Leave it to the man nicknamed “The Magician” to put on an amazing show before falling to the No. 6 seed. Santoro’s performance against Blake just might be the most entertaining match of the 2007 tournament. Clad in a flashy colored striped shirt, Santoro kept pace with the speedy Blake, and the 34-year-old French veteran certainly earned himself a few thousand more fans after this match.
Armed with an unusual style of two-handed forehands and backhands, Santoro matched the American shot for shot, covering every inch of the court to get everything back and returning even the most impossible shots. It seemed when Blake had Santoro scrambling far behind the baseline, the Magician still managed to find a way back in the point.
Blake had early success keeping Santoro on the run and forcing him out of position. But while the American found ways to move into the net and create angled shots, Santoro was so quick to return them that Blake consistently had to hit two or three volleys just to end the point.
The second set was much the same, only this time it was Santoro who used the touch volley game to his advantage. Santoro held at love to split sets, but Blake stormed back by taking the next five games to go up 5-0 in the third.
They each took turns putting the other on the defensive, with Blake dominating play at the net. Santoro broke to stay in the third set, but it was a short-lived victory, as he was broken again at 5-2, giving Blake a two-sets-to-one lead.
The middle three sets were riddled with 12 breaks of serve, each highlighted with some spectacular shot-making. A visibly winded Santoro fought through the fourth, setting up impossible angles for winners and using the offensive lob when Blake moved into the net. After two-and-a-half hours of play, Santoro held at 5-4 to force a decisive fifth set.

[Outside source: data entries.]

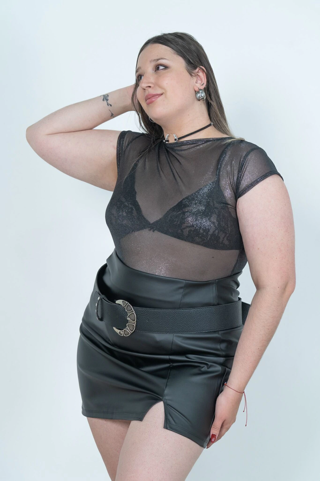 Transformá tu look con el BODY RUTH, negro transparente con brillo metálico. Es una prenda ideal para looks de noche, fiestas o para usar como sobreposición con tops, bralettes o incluso lencería estilosa.
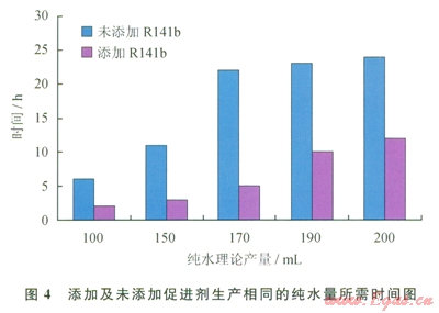 為了更清楚地了解Rl41b促進劑對CO2水合物海水淡化效率的影響,筆者對比了兩組實驗的相同理論純水產(chǎn)量所需的時間,結果見圖4。從圖4中可看出,生產(chǎn)相同量的純水,不添加Rl41b的實驗所需時間為添加Rl4lIJ的2~4倍。
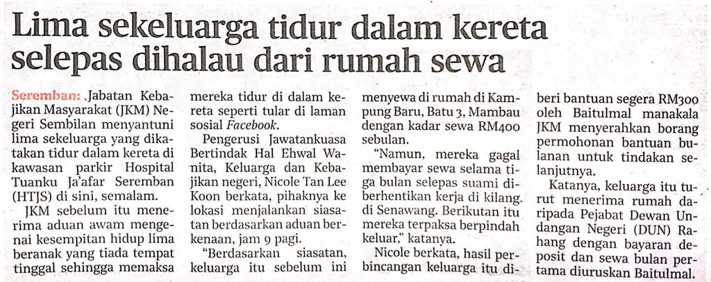 Tajuk :Lima sekeluarga tidur dalam kereta selepas dihalau dari rumah sewa
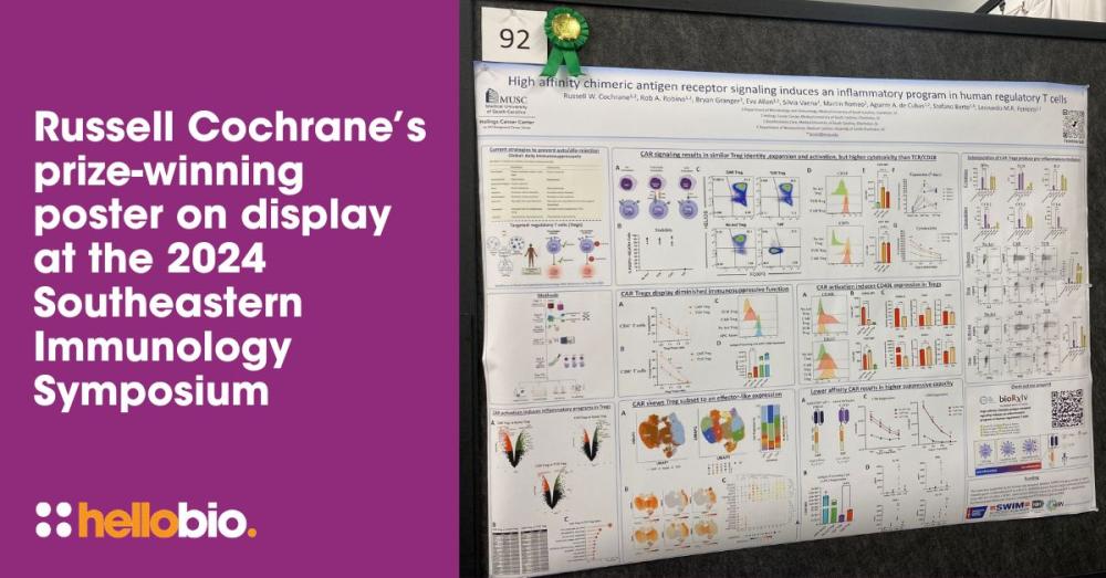 When it comes to making your poster stand out from the crowd and impressing competition judges, there’s lots you can do to give your presentation the edge. We asked Russell Cochrane about his prize-winning poster and he told us what made his presentation stand out from the others: I think my poster stood out because it addressed a really relevant topic — optimizing CAR Treg therapies, which are exciting but also still evolving. I tried to present the findings in a way that was both approachable and impactful, focusing on how adjusting CAR affinity could make Tregs more effective for therapeutic use. I also worked hard to make the poster visually clear and engaging, so people could access and understand the main points immediately, even if they weren’t experts in my specific area. You can present great results, but if people don’t absorb the important information quickly, then it doesn’t matter. Everyone likes a great narrative.
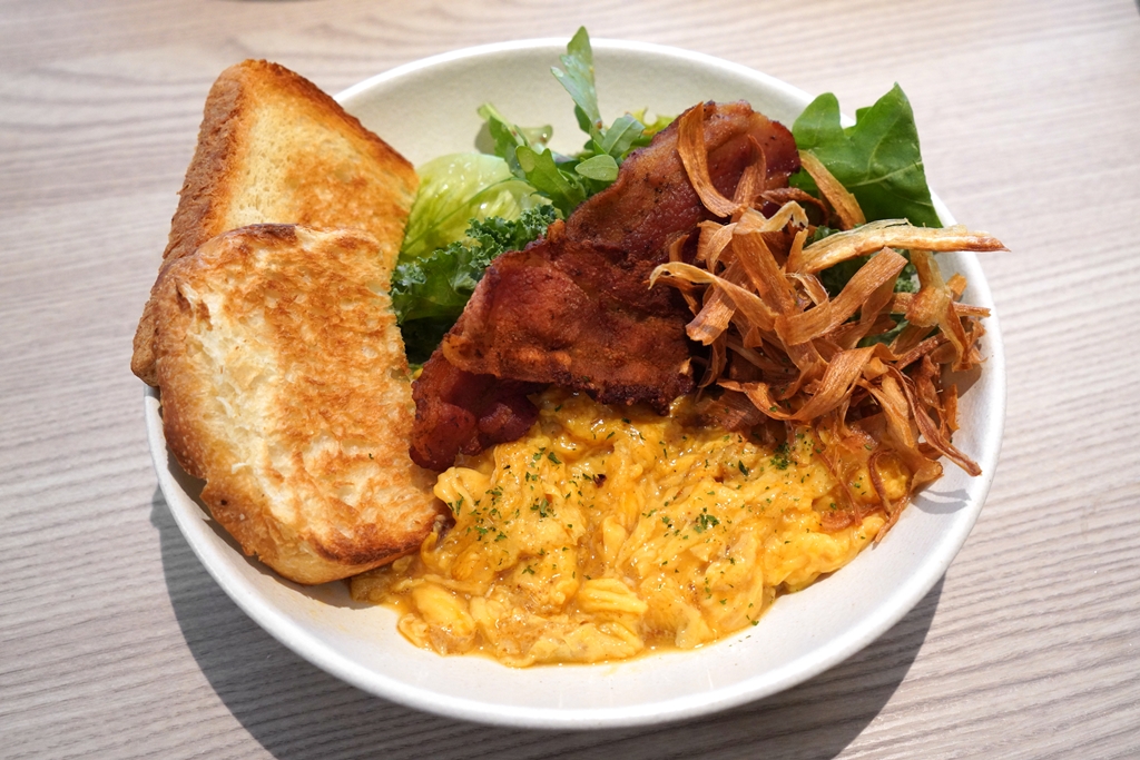 4. Jap Fat Boy (280++ THB) [14/20] – เซ็ตไข่คนซอสแกงกะหรี่เสิร์ฟคู่กับเบค่อน โกโบกรอบ โทสต์ขนมปังยูดาเนะและสลัดผัก
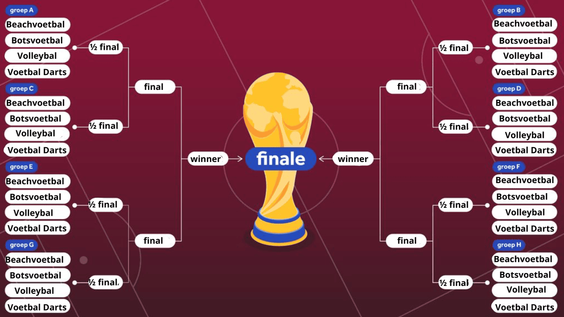 Het hart van de dag. Teams spelen tegen elkaar in een echte groepsfase, met knock-outrondes en een finale. De sfeer is fanatiek, maar toegankelijk. Perfect om collega’s op een andere manier te leren kennen.
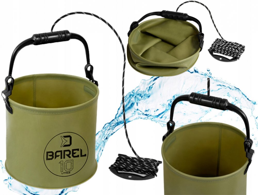 Slouží hlavně k zalévání ryb na podložce těsně po jejich zdolání a během focení, avšak může být využit také jako malá zásobárna vody pro různé účely jako míchání krmiva nebo mytí rukou a také jako kterékoliv jiné vědro pro uskladnění náčiní, nástrah a podobně. Vědro BAREL je doplněno o pevnou rukojeť černé barvy s provazem, pomocí kterého je možné nabrat si vodu i z větší vzdálenosti od břehu nebo z méně přístupného břehu či člunu.
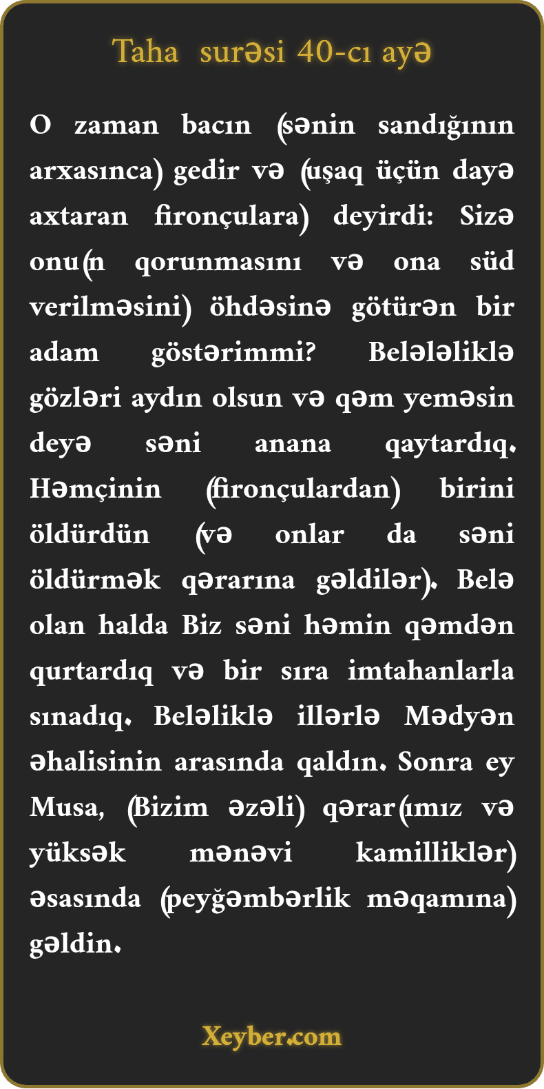 O zaman bacın (sənin sandığının arxasınca) gedir və (uşaq üçün dayə axtaran fironçulara) deyirdi: Sizə onu(n qorunmasını və ona süd verilməsini) öhdəsinə götürən bir adam göstərimmi? Belələliklə gözləri aydın olsun və qəm yeməsin deyə səni anana qaytardıq. Həmçinin (fironçulardan) birini öldürdün (və onlar da səni öldürmək qərarına gəldilər). Belə olan halda Biz səni həmin qəmdən qurtardıq və bir sıra imtahanlarla sınadıq. Beləliklə illərlə Mədyən əhalisinin arasında qaldın. Sonra ey Musa, (Bizim əzəli) qərar(ımız və yüksək mənəvi kamilliklər) əsasında (peyğəmbərlik məqamına) gəldin.
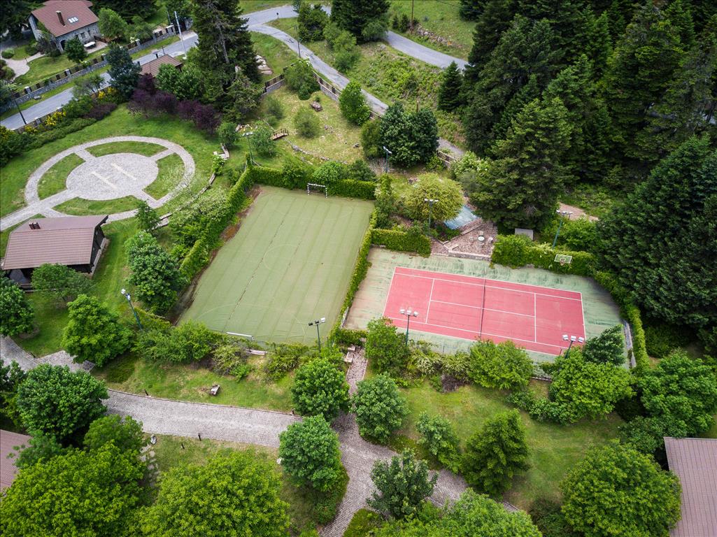 Chalet complex In mountainous Arcadia, only two hours drive from the Greek capital of Athens, at an altitude of about 1.330 above sea level among mountain forest landscape is a complex of seven private cottages and one Villa (300 K. M.). Location: bordered by small local picturesque villages such as Vytina, Dimitsana, Stemnitsa also the red a small river Lousios, all this in conjunction with the local mountain landscapes, extraordinary landscapes and ancient monasteries, leaves a lasting impression on the traveler, for the first time confronted with the uniqueness of the local nature. Complex (General description): the Main Villa total area 300 K. m, it comprises: spacious living room with large fireplace, one dining room accommodates up to 30 people, the kitchen is professionally equipped, two bedrooms each with a private bathroom, one children room, two halls, one games room, which already had a variety of games (Billiards, mini football, FLIPPERR, JUKE-BOX, HOME-CINEMA), wine cellar, Laundry room fully equipped with modern appliances. The Chalet has six separate cottages(80 K. M.),each of which consists of: one bedroom, one children's room with separate bathroom and toilet , small kitchen, veranda and with its own Parking space. Two-storey cottage(200 K. M.) - includes will spalnu Suite with its own bathroom combined with toilet, the living room also has a fireplace and a kitchen. Also in the basement there is a small living room and a gym. On the territory of the complex are also the ancient Church of the Byzantine era restaurant ZAKRYTOGO, fully-equipped (oven, barbecue), children's Playground, tree house, indoor storage room for equipment and for firewood for the fireplace, nebolshoe lake that is rich in live fish, playgrounds for football, basketball, and tennis courts, dog kennels, guard posts and two generators in case ekstrennogo disconnect from the mains. Capacity:up to 25 guests and 5 staff members. Covered area:1.300 K. M. Palisada territory:the complex around the perimeter surrounded by forest. The area is planted more than 3,000 trees, flowers and bushes. All the buildings made of Finnish wood, meet special quality standards. Internal paths are lined with natural stone. In all buildings there are Antiques and art objects. Furniture and equipment:Italian handmade furniture, made to order, the complex is fully equipped with modern appliances, houseware and utensils. All areas (internal and external) equipped with sound equipment (Hi-FI). Other equipment:snow removal equipment, ATV (2 PCs), snowmobiles (2pcs), nebolshoy truck type truck brand of Nissan, one truck for water transportation Volvo. Infrastructure:water supply systems, sewage systems, electricity, alarm systems, system, fire protection, sensors, fire, lightning, security facilities. The nature of the area, because of its special location, clean. The complex is ideal for guests of any level! Discover the other side of life, away from the hustle and bustle of big cities! Nature mountain landscapes combined with coziness and comfort, the highest level is something that's perfect for you and your loved ones to purchase their personal area of the tale in mountainous Arcadia.

That final frame went down to the wire, as each player held serve and fought off numerous break points. In the sixth game, Santoro began feeling the effects of the match, and he called for the trainer for a quick treatment on his thighs. He battled through the cramps, however, and continued to hold until his final service game at 5-4.
Match point came at 30-40, and Blake ended his five-set losing streak when a shot from Santoro sailed wide.
Asked if he knew about Blake’s five-set record, Santoro replied, “It was very, very low, no? But he never played a five-set match with a 34-year-old guy, that's why.”
Nevertheless, the Frenchman said he was still happy with the match and the way he played against Blake.
“New York is something special. The night session is special,” Santoro said. “When you have the chance to play in New York in a big tournament like a Grand Slam, night session against an American guy in a great atmosphere, (I) was feeling very lucky on the court, and the battle was just great.”
Considering the fact that the game of tennis has now shifted in favor of heavy baseline rallies, fans in attendance were greatly appreciative of both players’ consistent trips to the net. Blake made 83 net approaches, converting on 57 of them, while Santoro converted on 32 of his 59 net plays.